Canada December Retail Sales Up 2.5%, Beating Market Expectations

  • Canada's retail sales grew by a robust 2.5% on a monthly basis in December, beating analysts' expectations, as a sales tax holiday bumped up spending on food and beverages. People also bought cars and vehicle parts, data showed last Friday.
  • Retail sales are considered an early indicator of GDP growth and contribute almost 40.0% to total consumer spending, which was primarily responsible for keeping Canada's economy growing in the third quarter. Economists said the government's sales tax break, which kicked off in mid-December and ended February 15, also boosted revenues.
  • Analysts polled by Reuters had forecast retail sales would rise by 1.6% on a month-on-month basis and by 1.8% excluding automotive and parts sales. Retail sales jumped by 2.5% even after sales of automotive parts and at dealerships were excluded, Statistics Canada said.

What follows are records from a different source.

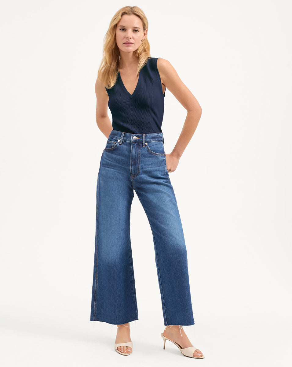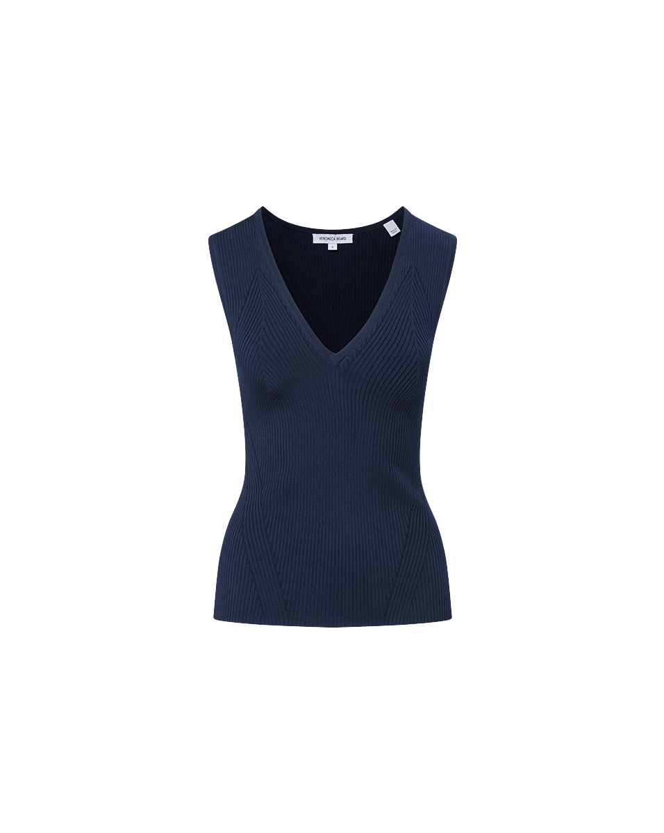 The Sid knitted tank top is the go-to top every woman needs, perfect on its own or as a layering essential. The lightweight shell is made from a stretch viscose-metallic knit with a shiny finish and features an allover ribbed design. Wear this v-neck top with anything and everything—we especially love it with a leather skirt and a jacket for the perfect desk-to-drinks look.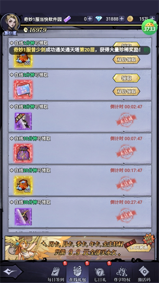 七日登录&在线奖励,真充卡+时装轻松带走;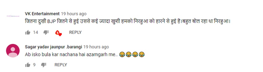 सागर यादव नाम के एक यूजर ने दिनेश लाल के हार पर लिखा- अब इसको बुलाकर नचाना है आजमगढ़ में। वहीं एक अन्य यूजर ने अखिलेश यादव की जीत पर खुशी मनाते हुए लिखा, ‘बड़ी-बड़ी फेंक रहे थे निरहु, निहुर के चलेगा अब। कोई माई का लाल पैदा नहीं हुआ था ऐसा बोल रहा था। निरहुआ भगवान के लेखक को भी मिटा सकता हूं बीजेपी के बीजेपी को जीतने से खुशी है मेरे को लेकिन निरहुआ के हारने से बहुत ज्यादा खुशी है।’ तो एक और यूजर ने उनकी फिल्म नहीं चलने की बात कहते हुए लिखा-‘अब हम इसकी फिल्म नहीं चलने देंगे यादव समाज के लोग। ‘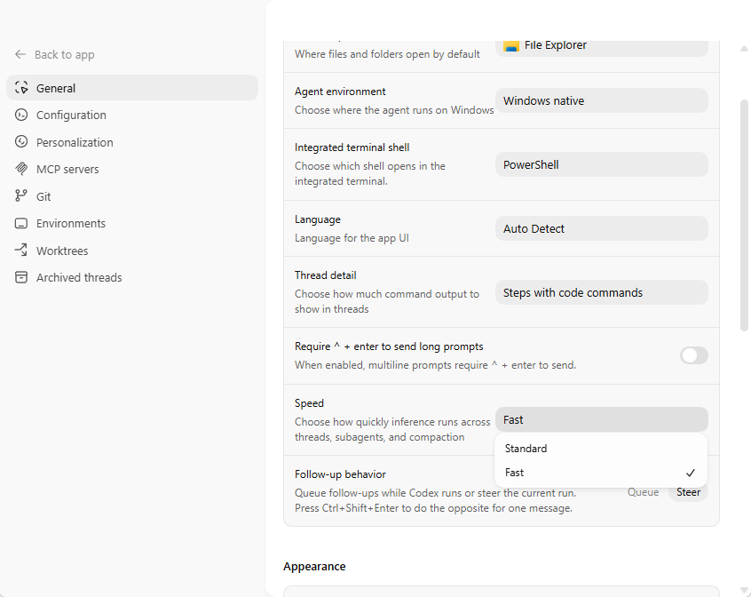 这套配置的核心价值就是快。大多数日常任务,比如看代码、改代码、补命令、顺着报错继续查,真正拖效率的不是不会做,而是每一轮都慢半拍。GPT 5.4 + fast 基本就是我现在的主力档位。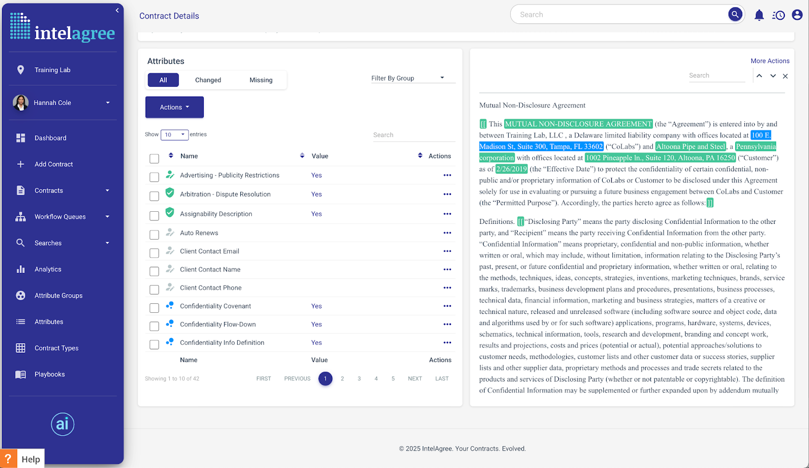 L'une des caractéristiques remarquables d'IntelAgree est ses capacités d'apprentissage automatique, qui facilitent l'identification, l'extraction et l'analyse des termes et clauses critiques. Les utilisateurs peuvent exploiter des modèles intégrés ou en créer des personnalisés adaptés à leurs besoins spécifiques, accélérant ainsi considérablement le processus de négociation. Cette fonctionnalité améliore non seulement l'efficacité mais réduit également la probabilité d'erreurs pouvant survenir lors des examens manuels.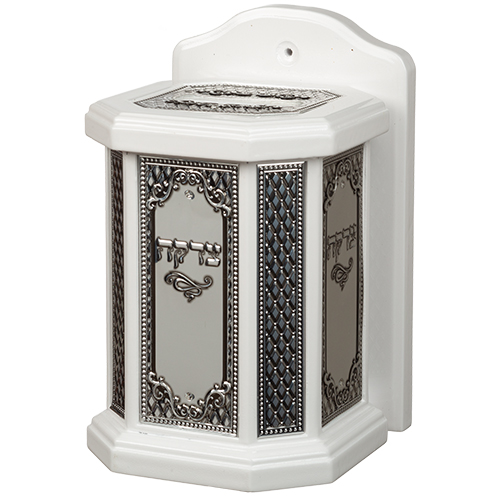 קופת צדקה עץ פיאנו לבן, מהודרת עם פלקטה "כותל" 14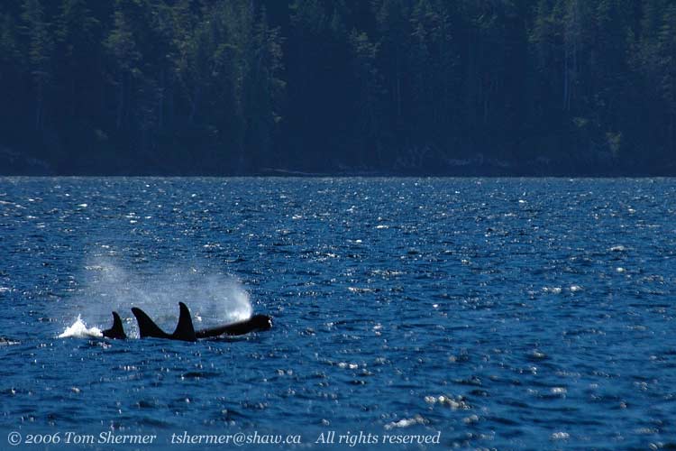 Here's a group of three (two adult females and a juvenile) swimming closely together. These three are undoubtedly related; Orcas associate very closely with family members. |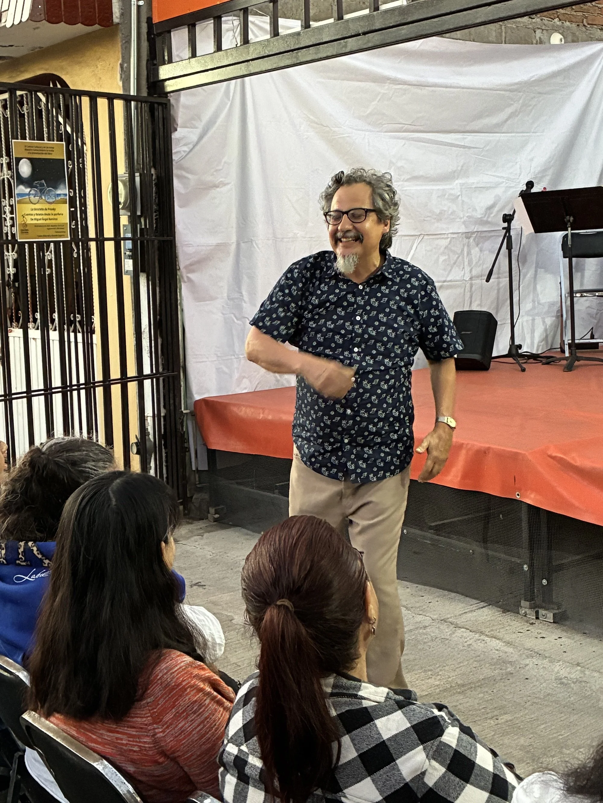 Ahí en el Centro Carlos Ambriz, a las 6 del anochecer, Yajaira Villareal, periodista y actriz (son memorables sus actuaciones en Teatro de Atril, con el querido Maestro Marco Escalante, recuerdo su caracterización de Susana San Juan de Pedro Páramo) y yo, comentamos, ante un nutrido público, el libro “la Bicicleta de Franky”, de Miguel Jardines, le agregó un subtítulo: “Cuentos y Relatos desde la Periferia”, y en efecto, todos los personajes viven en la orilla, en la marginalidad, desde el primer texto del chamaco imberbe y onánico que fisgoneaba el vértice púbico, el monte de venus, de su tía desnuda; hasta el veterano izquierdista que desde una cama de hospítal, atropellado por un carro de la transnacional Coca Cola, hace un balance de sus acciones revolucionarias y concluye que quiso cambiar la vida, pero lo vida lo cambio a él; tal como los “Viejos Lobos de Marx” de Gerardo de la Torre.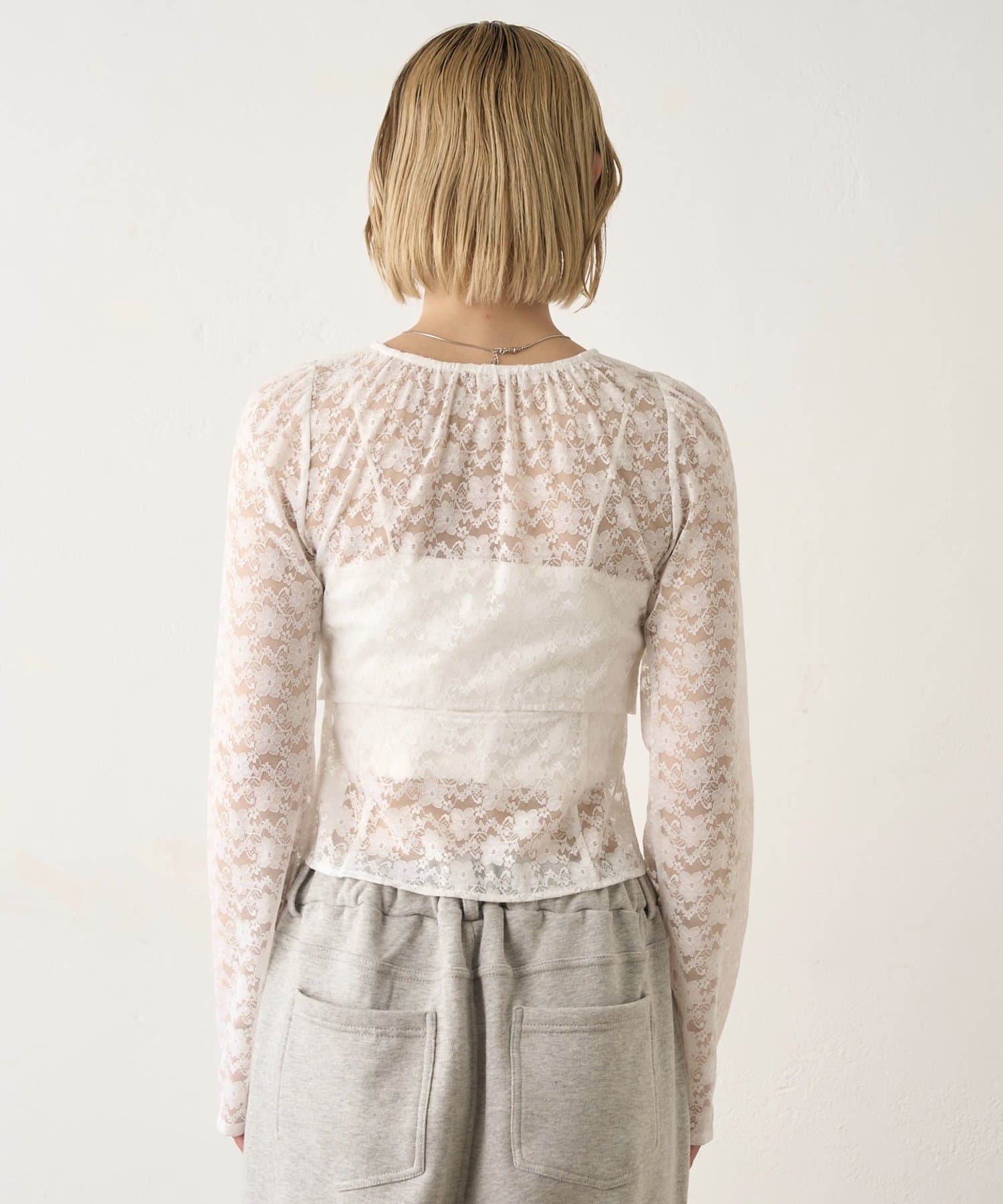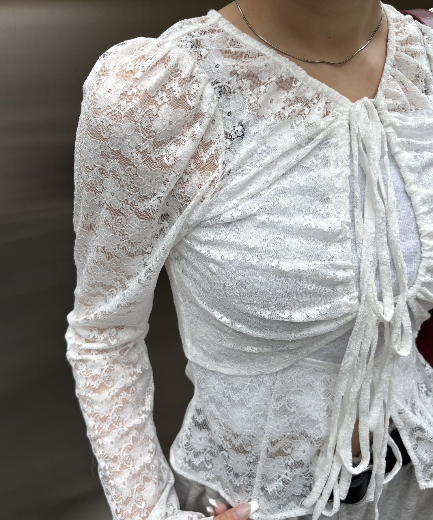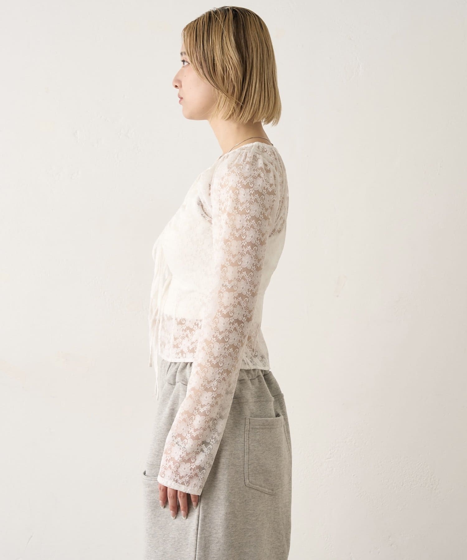 トレンドのレースとレオパード(ヒョウ柄)が仲間入りしたデザインブラウス。

  • "Even if the momentum of retail sales fades into the new year, these figures add to the argument for the Bank of Canada to pause at next month's meeting," Shelly Kaushik, senior economist at BMO Capital Markets, wrote in a note.
  • Currency swap markets now see a more than 68.0% chance of no rate cut on March 12, although economists have said expectations for the trajectory of interest rates could change if U.S. President Donald Trump slaps a 25% tariff on Canadian imports in March.